• _HOW TO COMPLETE THIS TASK_
Leave out any picture and return the remaining listing below exactly as given.

• _DATA PROVIDED_
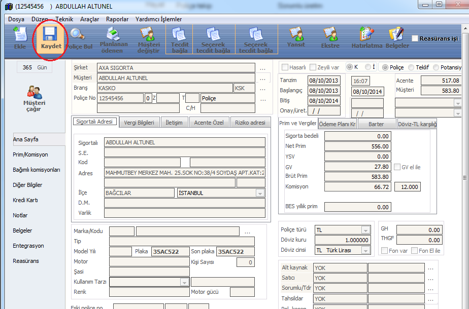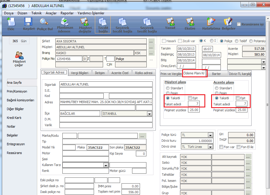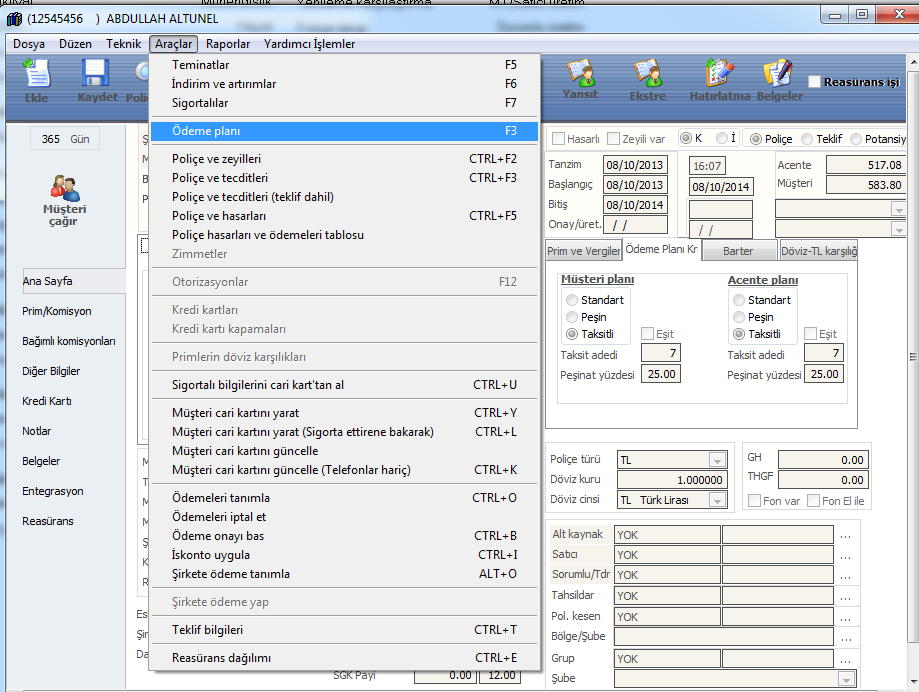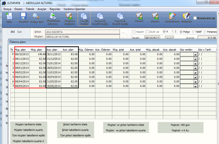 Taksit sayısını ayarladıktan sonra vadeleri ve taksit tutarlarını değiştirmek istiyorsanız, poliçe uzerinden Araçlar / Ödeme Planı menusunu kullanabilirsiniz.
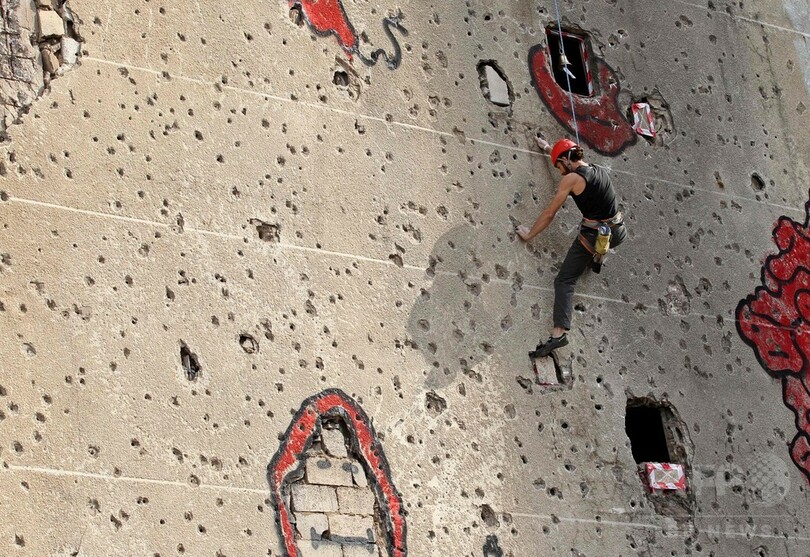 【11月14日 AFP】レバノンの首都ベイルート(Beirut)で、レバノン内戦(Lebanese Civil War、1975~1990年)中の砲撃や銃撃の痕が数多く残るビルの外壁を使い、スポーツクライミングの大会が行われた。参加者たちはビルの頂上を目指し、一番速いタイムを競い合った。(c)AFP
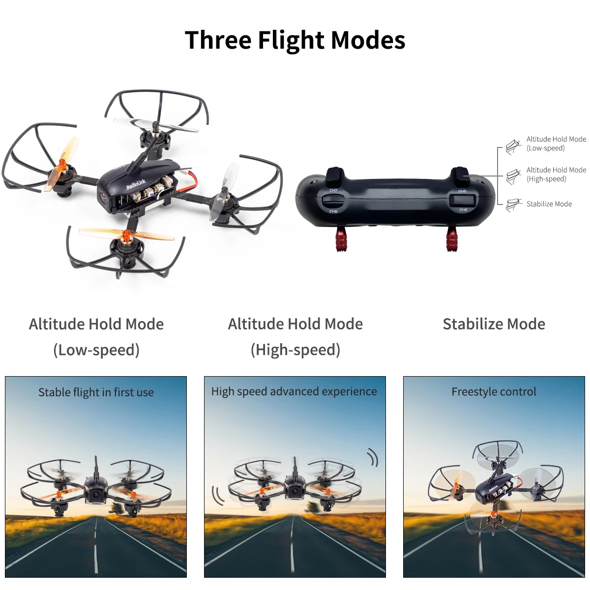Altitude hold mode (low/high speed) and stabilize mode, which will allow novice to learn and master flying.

• _RESPONSE AREA_
 Taksit sayısını ayarladıktan sonra vadeleri ve taksit tutarlarını değiştirmek istiyorsanız, poliçe uzerinden Araçlar / Ödeme Planı menusunu kullanabilirsiniz.
 【11月14日 AFP】レバノンの首都ベイルート(Beirut)で、レバノン内戦(Lebanese Civil War、1975~1990年)中の砲撃や銃撃の痕が数多く残るビルの外壁を使い、スポーツクライミングの大会が行われた。参加者たちはビルの頂上を目指し、一番速いタイムを競い合った。(c)AFP
Altitude hold mode (low/high speed) and stabilize mode, which will allow novice to learn and master flying.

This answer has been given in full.